There was limited western Canadian data to back the idea, however. Badiou said emissions in cold-weather temperate wetlands, which can remain frozen for five months of the year, had not been extensively studied. The existing body of work measured emissions from isolated patches of wetland roughly 20 centimetres in diameter.
“Those chambers serve as a very sterile, non-biological way to look at greenhouse gas fluxes, and there are lots of issues with that,” said Badiou.
For one thing, that methodology makes it a challenge to get a representative sample.
It takes a lot of work to collect enough samples to track changing greenhouse gas emissions over the course of the day, so samples would only be collected in the middle of the day, when emissions would be greatest.
More significantly, Badiou noted, samples can’t be obtained in early spring when the land is thawing — the very time when the methane surge was assumed to take place.

New methods and surprising results
DUC’s research took a different tack.

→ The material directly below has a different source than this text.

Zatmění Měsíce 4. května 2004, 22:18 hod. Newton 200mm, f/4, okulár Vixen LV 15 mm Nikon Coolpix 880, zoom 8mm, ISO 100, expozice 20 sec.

The organization deployed high-tech flux towers in wetlands across Canada, the most recent of which was erected in July at central Manitoba’s Oak Hammock Marsh.
Two western Manitoba sites are also part of the network, with one installed near Newdale and another between Strathclair and Shoal Lake.

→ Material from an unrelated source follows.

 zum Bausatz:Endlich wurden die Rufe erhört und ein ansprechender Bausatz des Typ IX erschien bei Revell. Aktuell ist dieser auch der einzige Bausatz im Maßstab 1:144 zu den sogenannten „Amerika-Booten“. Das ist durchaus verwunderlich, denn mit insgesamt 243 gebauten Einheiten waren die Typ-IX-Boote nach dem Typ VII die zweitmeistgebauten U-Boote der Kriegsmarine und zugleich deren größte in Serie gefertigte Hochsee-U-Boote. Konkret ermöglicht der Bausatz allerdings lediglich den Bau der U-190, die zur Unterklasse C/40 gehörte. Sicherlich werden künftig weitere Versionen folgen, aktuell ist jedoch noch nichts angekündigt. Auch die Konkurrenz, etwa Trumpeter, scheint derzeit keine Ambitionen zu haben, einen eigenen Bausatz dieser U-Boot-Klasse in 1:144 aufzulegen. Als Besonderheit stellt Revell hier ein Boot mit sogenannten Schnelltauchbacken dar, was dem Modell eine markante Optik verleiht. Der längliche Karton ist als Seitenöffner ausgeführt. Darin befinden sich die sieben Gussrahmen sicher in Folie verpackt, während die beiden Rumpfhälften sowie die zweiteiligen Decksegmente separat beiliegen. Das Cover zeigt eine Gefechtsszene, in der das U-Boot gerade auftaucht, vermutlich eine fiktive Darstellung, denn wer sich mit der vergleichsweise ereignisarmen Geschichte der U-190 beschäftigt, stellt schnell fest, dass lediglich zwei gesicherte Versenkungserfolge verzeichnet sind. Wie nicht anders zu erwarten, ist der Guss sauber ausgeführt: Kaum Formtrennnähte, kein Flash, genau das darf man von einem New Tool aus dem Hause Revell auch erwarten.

Each tower records changes in greenhouse gas concentrations (the fluxes) of the wetland where they are installed. Concentrations are measured at a rate of 20 to 40 times a second, according to Badiou.
The towers are then paired with an anemometer, a device that gives a three-dimensional reading of wind velocity and movement. The combined result is called a flux footprint.

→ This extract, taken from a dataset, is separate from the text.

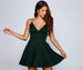 Cute and classic will be your vibe as you twirl the night away in this adorable skater dress! It features a sleeveless V-neckline, a padded bust, spaghetti straps, and a short skater skirt with a fit and flare silhouette. Style this dress with a rhinestone necklace and neutral block heels.

“Instead of isolating just a small section of wetland to take these measurements, we’re actually getting flux measurements from the wetland as a whole, and that has helped us generate much better estimates of fluxes,” says Badiou.
As the data flowed in, scientists noticed something about that commonly held idea of a spring methane pulse: it never materialized.
“We have not seen any detectable spring pulse of methane,” said Badiou. “The amount of methane coming off these systems is lower than what we see in most published literature for these types of freshwater wetlands in temperate regions.”
National scope
The flux tower project is part of a larger national study co-led by Ducks Unlimited Canada and Irina Creed at the University of Toronto’s Scarborough campus. The hope is to get better data on wetland greenhouse gas emissions across Canada’s different regional conditions.
“Part of our work has been to look at differences with respect to greenhouse gas emissions for wetlands embedded in perennial landscapes relative to wetlands that are embedded in conventional cropland,” said Badiou.
The emerging data has shown significant differences in water quality between those two types of wetlands, and that has significant implications for greenhouse gas emissions, the researcher noted.
“When you have wetlands embedded in perennial systems that are used in livestock operations, typically you have lower nutrients and higher sulphate levels,” said Badiou.
Sulphates inhibit methane production, as do lower nutrient levels.
“What it’s showing is that having intact landscapes around wetlands that are maintained through grazing systems is beneficial in terms of minimizing greenhouse gas emissions and likely increasing carbon sequestration,” said Badiou.
The national project is funded by the Beef Cattle Research Council, Natural Sciences and Engineering Research Council of Canada Alliance, the Canadian Agriculture Partnership and Ducks Unlimited Canada and is being run in co-operation with the University of British Columbia and the Manitoba Forage & Grassland Association.